Saturday, 13 June 2020

electromagnetism - Electric field associated with moving charge


I have recently started to learn about the electric field generated by a moving charge. I know that the electric field has two components; a velocity term and an acceeleration term. The following image is of the electric field generated by a charge that was moving at a constant velocity, and then suddenly stopped at x=0:


Moving Charge Electric Field


I don't understand what exactly is going on here. In other words, what is happening really close to the charge, in the region before the transition, and after the transition. How does this image relate to the velocity and acceleration compnents of the electric field?




Answer



enter image description here




The electric $\:\mathbf{E}\:$ and magnetic $\:\mathbf{B}\:$ parts of the electromagnetic field produced by a moving charge $\:q\:$ on field point $\:\mathbf{x}\:$ at time $\;t\;$are(1) \begin{align} \mathbf{E}(\mathbf{x},t) & \boldsymbol{=} \frac{q}{4\pi\epsilon_0}\left[\frac{(1\boldsymbol{-}\beta^2)(\mathbf{n}\boldsymbol{-}\boldsymbol{\beta})}{(1\boldsymbol{-} \boldsymbol{\beta}\boldsymbol{\cdot}\mathbf{n})^3 R^2} \right]_{\mathrm{ret}}\!\!\!\!\!\boldsymbol{+} \frac{q}{4\pi}\sqrt{\frac{\mu_0}{\epsilon_0}}\left[\frac{\mathbf{n}\boldsymbol{\times}\left[(\mathbf{n}\boldsymbol{-}\boldsymbol{\beta})\boldsymbol{\times} \boldsymbol{\dot{\beta}}\right]}{(1\boldsymbol{-} \boldsymbol{\beta}\boldsymbol{\cdot}\mathbf{n})^3 R}\right]_{\mathrm{ret}} \tag{01.1}\label{eq01.1}\\ \mathbf{B}(\mathbf{x},t) & = \left[\mathbf{n}\boldsymbol{\times}\mathbf{E}\right]_{\mathrm{ret}} \tag{01.2}\label{eq01.2} \end{align} where \begin{align} \boldsymbol{\beta} & = \dfrac{\boldsymbol{\upsilon}}{c},\quad \beta=\dfrac{\upsilon}{c}, \quad \gamma= \left(1-\beta^{2}\right)^{-\frac12} \tag{02.1}\label{eq02.1}\\ \boldsymbol{\dot{\beta}} & = \dfrac{\boldsymbol{\dot{\upsilon}}}{c}=\dfrac{\mathbf{a}}{c} \tag{02.2}\label{eq02.2}\\ \mathbf{n} & = \dfrac{\mathbf{R}}{\Vert\mathbf{R}\Vert}=\dfrac{\mathbf{R}}{R} \tag{02.3}\label{eq02.3} \end{align} In equations \eqref{eq01.1},\eqref{eq01.2} all scalar and vector variables refer to the $^{\prime}$ret$^{\prime}$arded position and time.

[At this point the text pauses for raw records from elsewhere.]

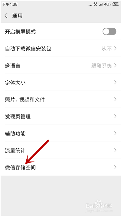 进入通用界面,点击【微信存储空间】。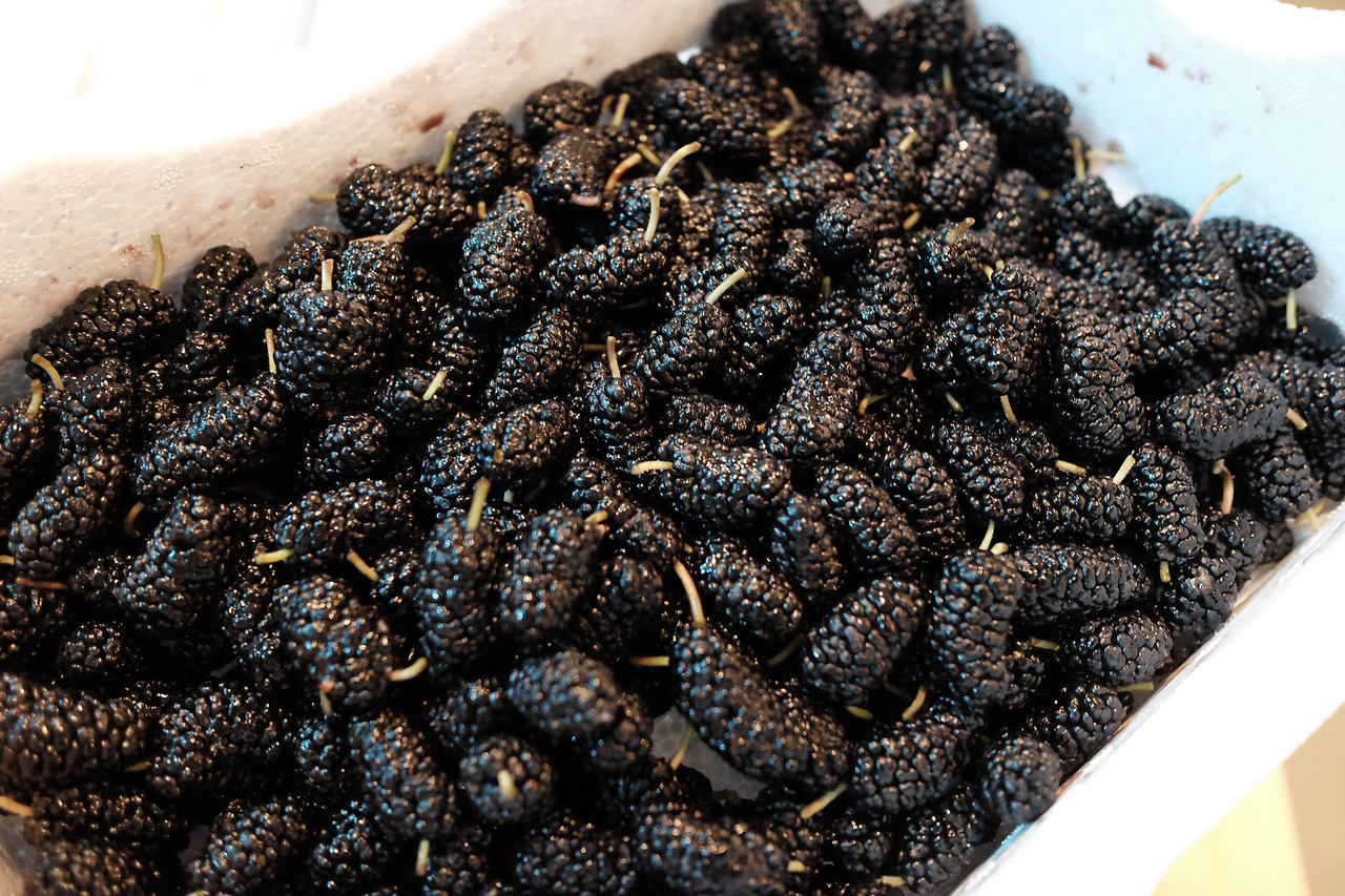 오디를 손질하며 손이 까맣게 오디물이 들었고,
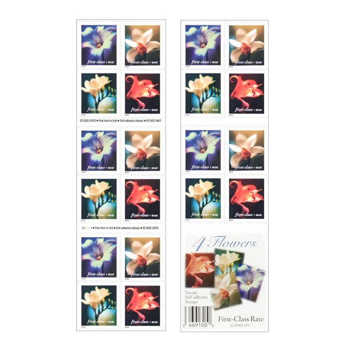 The four flowers photographed on this mint booklet pane are Freesia. Cymbidium Orchid. Longiflorum Lily. and Asian Hybrid Lily. This was the first time photos of flowers were used instead of illustrations. These non-denominated 34 stamps were issued in self-adhesive format in anticipation of the 2001 first class rate increase. Stamps are on both sides of the booklet.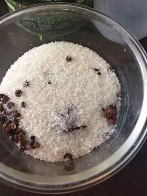海盐加花椒炒至微黄 我还加了麻椒 拍打在鸡身内外 多家按摩拍打 入味

Now, in case of uniform rectilinear motion of the charge, that is in case that $\;\boldsymbol{\dot{\beta}} = \boldsymbol{0}$, the second term in the rhs of equation \eqref{eq01.1} cancels out, so \begin{equation} \mathbf{E}(\mathbf{x},t) \boldsymbol{=} \frac{q}{4\pi\epsilon_0}\left[\frac{(1\boldsymbol{-}\beta^2)(\mathbf{n}\boldsymbol{-}\boldsymbol{\beta})}{(1\boldsymbol{-} \boldsymbol{\beta}\boldsymbol{\cdot}\mathbf{n})^3 R^2} \right]_{\mathrm{ret}} \quad \text{(uniform rectilinear motion : } \boldsymbol{\dot{\beta}} = \boldsymbol{0}) \tag{03}\label{eq03} \end{equation}


In this case the $^{\prime}$ret$^{\prime}$arded variable $\:\mathbf{R}\:$, so and the unit vector $\:\mathbf{n}\:$ along it, could be expressed as function of the present variables $\:\mathbf{r}\:$ and $\:\phi$, see Figure-01. Then equation \eqref{eq03} expressed by present variables is(2)

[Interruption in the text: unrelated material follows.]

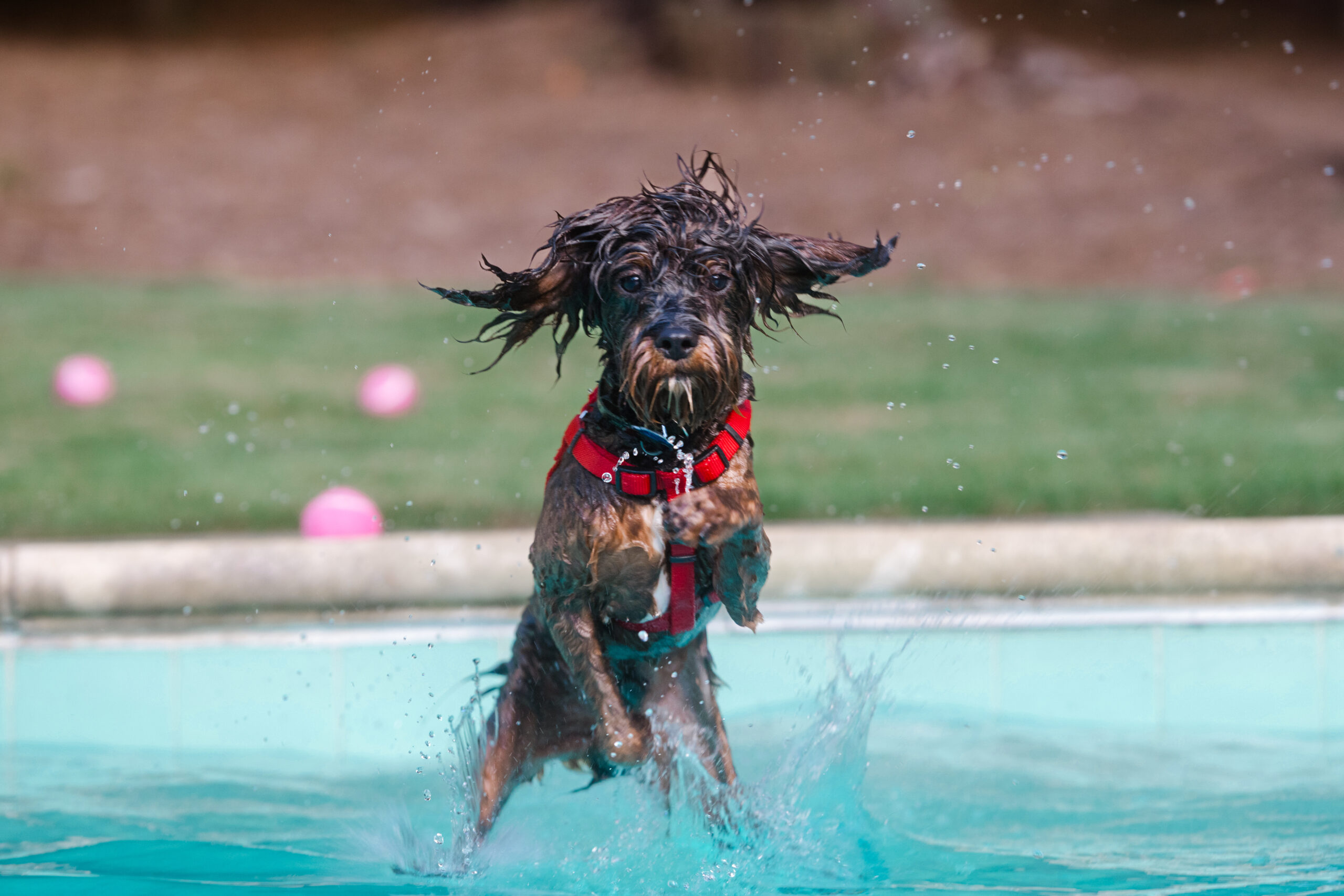 More: Georgie is our eight month old puppy who loves to go swimming! He swims laps for 40 mins plus without even touching the side. He is having the best summer ever swimming in the backyard pool. He even learned how to pull himself up out of the deep end like a pull-up. He loves to eat chicken and green beans. When he sees other dogs he doesnt sniff their butts but rather pets them like a human would pet a dog. He is a wildman!

enter image description here


\begin{equation} \mathbf{E}\left(\mathbf{x},t\right) =\dfrac{q}{4\pi \epsilon_{0}}\dfrac{(1\boldsymbol{-}\beta^2)}{\left(1\!\boldsymbol{-}\!\beta^{2}\sin^{2}\!\phi\right)^{\frac32}}\dfrac{\mathbf{{r}}}{\:\:\Vert\mathbf{r}\Vert^{3}}\quad \text{(uniform rectilinear motion)} \tag{04}\label{eq04} \end{equation} That is :



In case of uniform rectilinear motion of the charge the electric field is directed towards the position at the present instant and not towards the position at the retarded instant from which it comes.

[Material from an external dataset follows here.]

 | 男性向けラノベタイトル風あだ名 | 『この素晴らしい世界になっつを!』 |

For the magnitude of the electric field \begin{equation} \Vert\mathbf{E}\Vert =\dfrac{\vert q \vert}{4\pi \epsilon_{0}}\dfrac{(1\boldsymbol{-}\beta^2)}{\left(1\!\boldsymbol{-}\!\beta^{2}\sin^{2}\!\phi\right)^{\frac32}r^{2}} \tag{05}\label{eq05} \end{equation} Without loss of generality let the charge be positive ($\;q>0\;$) and instantly at the origin $\;\rm O$, see Figure-02. Then \begin{equation} r^{2} = x^{2}+y^{2}\,,\quad \sin^{2}\!\phi = \dfrac{y^2}{x^{2}+y^{2}} \tag{06}\label{eq06} \end{equation} so \begin{equation} \Vert\mathbf{E}\Vert =\dfrac{q}{4\pi \epsilon_{0}}\left(1\boldsymbol{-}\beta^2\right)\left(x^{2}\!\boldsymbol{+}y^{2}\right)^{\boldsymbol{\frac12}}\left[x^{2}\!\boldsymbol{+}\left(1\!\boldsymbol{-}\beta^{2}\right)y^{2}\right]^{\boldsymbol{-\frac32}} \tag{07}\label{eq07} \end{equation}


enter image description here


For given magnitude $\;\Vert\mathbf{E}\Vert\;$ equation \eqref{eq07} is represented by the closed curve shown in Figure-02. More exactly the set of points with this magnitude of the electric field is the surface generated by a complete revolution of this curve around the $\;x-$axis.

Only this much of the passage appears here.